Hazel's Theory of Evolution
- First edition cover
- Author: Lisa Jenn Bigelow
- Language: English
- Genre: Young adult novel
- Publisher: HarperCollins
- Publication date: 2019
- Awards: Lambda Literary Award
- ISBN: 978-0-0627-9117-7

= Hazel's Theory of Evolution =

2019 novel by Lisa Jenn Bigelow

Hazel's Theory of Evolution is a young adult novel by Lisa Jenn Bigelow. In 2019 HarperCollins published the book, which received the Lambda Literary Award in 2020.

The novel tells the story of a middle school girl who struggles with adapting to many changes in her life, including her mother's pregnancy after many miscarriages and making new friends after switching schools. Bigelow tackles issues of change, identity, and family within the framework of the novel.

== Plot ==
The novel tells the story of Hazel Brownlee-Wellington, a thirteen-year-old girl who has just entered the eighth grade in a new school in Michigan. In the novel, she is well-versed in information about animals and she lived on a goat farm. Becca, Hazel's best friend, has distanced herself after she became a cheerleader, and Hazel has found it difficult to make new friends. After a while of being at a new school, she starts to hang out with Carina, a transgender girl, and Yosh, a wheelchair-using boy who is recognizable for his green mohawk. She later learns that one of her mothers is pregnant, but she is not hopeful because of two previous miscarriages. She hopes that a book called On the Origin of Species by Charles Darwin can help her make sense of her life, but she still struggles with many of her problems.

== Reception ==
Kirkus Reviews praised the diversity present in the book's cast.

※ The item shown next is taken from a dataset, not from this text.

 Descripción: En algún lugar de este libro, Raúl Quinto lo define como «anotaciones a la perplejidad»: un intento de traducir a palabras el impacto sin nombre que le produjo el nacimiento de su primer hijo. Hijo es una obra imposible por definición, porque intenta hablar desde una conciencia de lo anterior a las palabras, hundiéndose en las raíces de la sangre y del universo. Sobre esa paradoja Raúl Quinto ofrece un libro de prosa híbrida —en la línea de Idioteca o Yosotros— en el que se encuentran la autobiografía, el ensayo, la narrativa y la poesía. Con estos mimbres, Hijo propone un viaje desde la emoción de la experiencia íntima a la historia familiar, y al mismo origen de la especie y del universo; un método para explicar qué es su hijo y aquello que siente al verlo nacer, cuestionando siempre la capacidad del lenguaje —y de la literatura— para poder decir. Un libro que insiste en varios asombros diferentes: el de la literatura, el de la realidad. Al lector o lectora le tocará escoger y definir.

They also said that "[h]er first-person narration is insightful" and the main character is "highly likable." Publishers Weekly also praised the varied cast in Bigelow's book, as well as her "relatable first-person narrative", which the author uses to address universal conflicts.

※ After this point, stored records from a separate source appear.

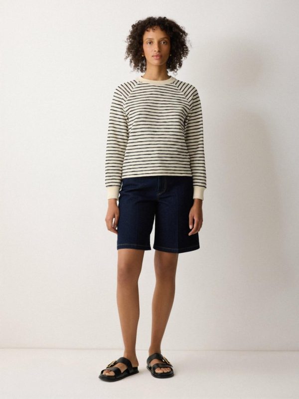 Women Jigsaw Shirts & Tops | Textured Stripe Sweatshirt Navy
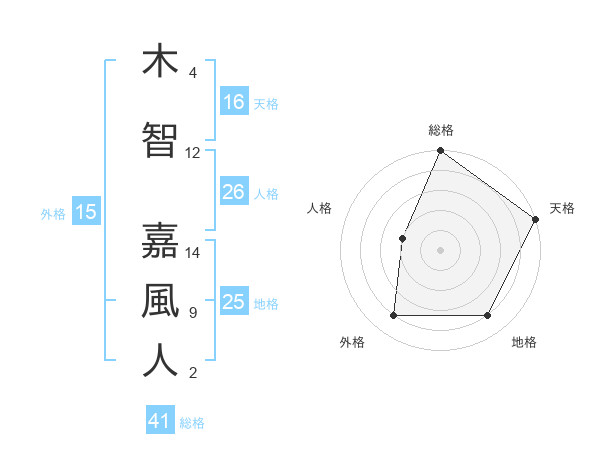 木智 嘉風人さんを姓名の画数から五運を鑑定
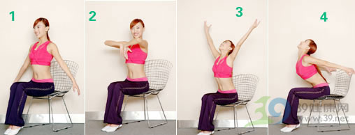 该组动作的目的:拉伸颈、胸、肩部肌肉,锻炼背部和手臂,同时有助于放松端坐一上午而僵化的肩颈部。
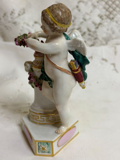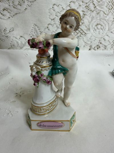 I want to offer you this Meissen cherub figure, who is holding two hearts together on a pedestal, as well as a halo of flowers in his hand. The pedestal has rams’ heads and garlands of flowers on it. The cupid has arrows in his sheath. The figurine is entitled “je les couronne”. This figurine is modeled so beautifully that you can see every hair strand and every finger and toenail. This figure is in very good antique condition, without any chips, cracks or repairs.

Writing for the School Library Journal, Lisa Gieskes recommended the book, saying that "readers will find [Hazel's] sensitive, reflective nature heartening." Carolyn Phelan, for Booklist, called it "[a] heartfelt novel of family, friends, and change." Phelan also noted the author's skill at building up towards the climax, as well as her portrayal of empathetic characters.

Hazel's Theory of Evolution won the 2020 Lambda Literary Award in the "Children's/Middle Grade" category.